BY LINCOLN ANDERSON | Manhattan desperately needs a Marshall Plan, a major economic recovery boost, right now in Brad Hoylman’s view — and he wants to be the man to help devise and lead it. And that’s a big part — in fact, the main part, as he tells it — of why he wants to be Manhattan borough president.

The rumors had been out there for a while, but Hoylman made it official when he recently announced that he’s running to be the borough’s B.P.

Hoylman, who lives in Greenwich Village with his husband and their two daughters, has been in the state Senate for the last eight years. It was only two months ago, in fact, that he won the Democratic primary in his campaign for reelection to a fifth term.

If he doesn’t win the race for borough president next year, he could still remain in the state Senate.

But his heart is set on becoming his home borough’s “Beep.”

“To me, it’s the opportunity of a lifetime to run for this office,” he said, “particularly at this moment, which is such an important time.”

Hoylman, obviously, is not alone in feeling that this is a historically critical, make-or-break moment for New York City, especially Manhattan, as the city struggles to reemerge from the crushing pandemic — and he wants to do all he can to help.

“There are many that ask if Manhattan has a future, and the answer has to be yes,” Hoylman stressed. “And I want to be part of that solution-building enterprise.”
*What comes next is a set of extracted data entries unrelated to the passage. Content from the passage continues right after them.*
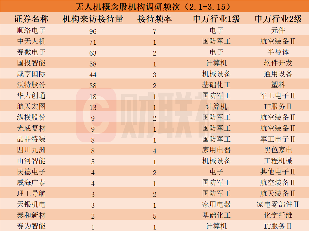 据Choice数据统计,2月1日至3月15日期间获机构调研的无人机概念股为顺络电子、中无人机、赛微电子、国投智能、咸亨国际、沃特股份、华力创通、航天宏图、纵横股份、光威复材、晶品特装、四川九洲、山河智能、民德电子、威海广泰、理工导航、天银机电、泰和新材和赛为智能,具体情况如下图:
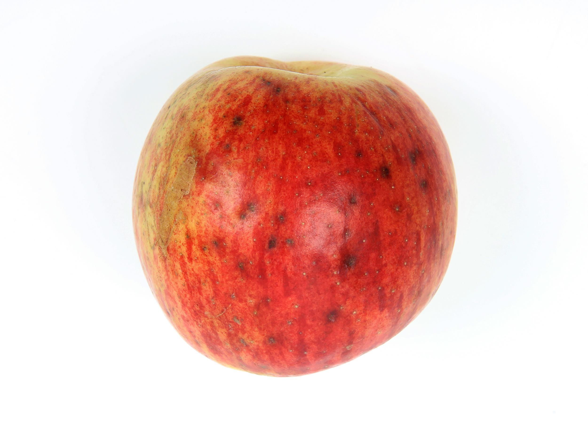 Description: Une pomme (cv 'Cortland') provenant du verger montre de petites taches noires superficielles, légèrement déprimées et localisées au niveau des lenticelles. Elles sont présentes uniquement sur la face de la pomme exposée au soleil. Aucun agent pathogène n’a été détecté des taches. Ce symptôme est caractéristique de la dégradation des lenticelles (ponctuation lenticellaire) observée en prérécolte. La conseillère agricole mentionne que plus de 50 % des fruits des variétés 'Cortland' et 'Honeycrisp' d’un bloc sont affectés.
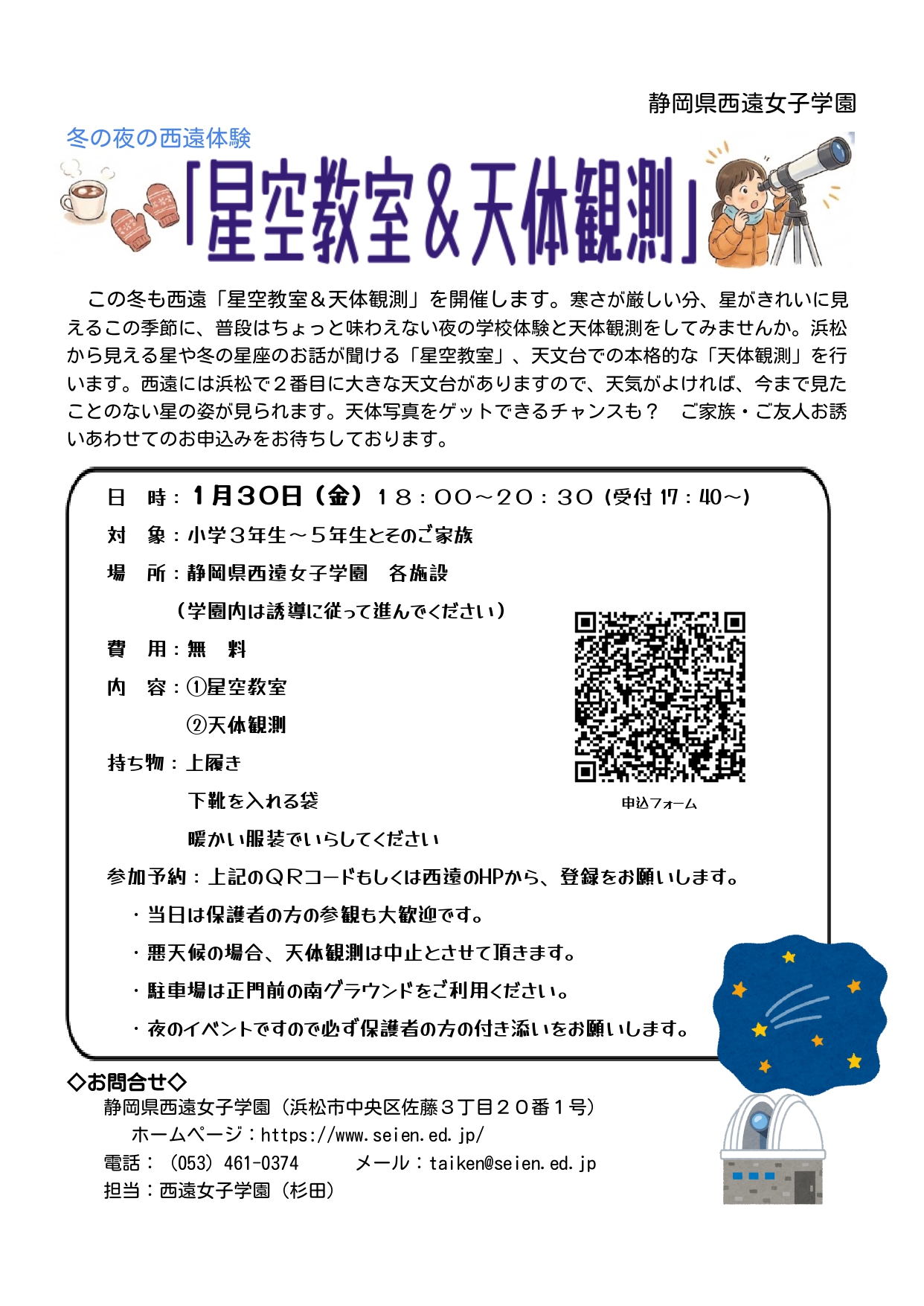 本当に寒い毎日が続いていますが、この寒い冬の時期が浜松で夜空を眺めて天体観測をする最高のときでもあります。西遠では恒例の「星空教室&天体観測」を今週1月30日(金)に開催します。西遠の天文台ではこの写真のような大きな天体望遠鏡をはじめ、様々な望遠鏡を使ってこの時期に輝く星々を観ることができます。この時期は南の空にはオリオン座がよく見え、リゲル、ペテルギウスの色の違いを見たり、ひときわ輝くシリウスに望遠鏡で迫ったりと天体ファンでなくても楽しめる要素が満載です。

The situation, of course, couldn’t be more dire. Small businesses are going under left and right, and reports say most merchants won’t survive the crisis. Hundreds of thousands of New Yorkers are out of work, uncertain if they will be out of their apartments, as well. There are serious questions about public schools reopening, the future of mass transit, public housing…everything.

“We have 20 million square feet of empty office space in Midtown,” Hoylman noted. “It’s an opportunity for a reset. This crisis is a real opportunity to reset our priorities. … We have to get it right.”

Will remote workers eventually return to fill that empty space — some of which was empty already because commercial office space in the city was overbuilt?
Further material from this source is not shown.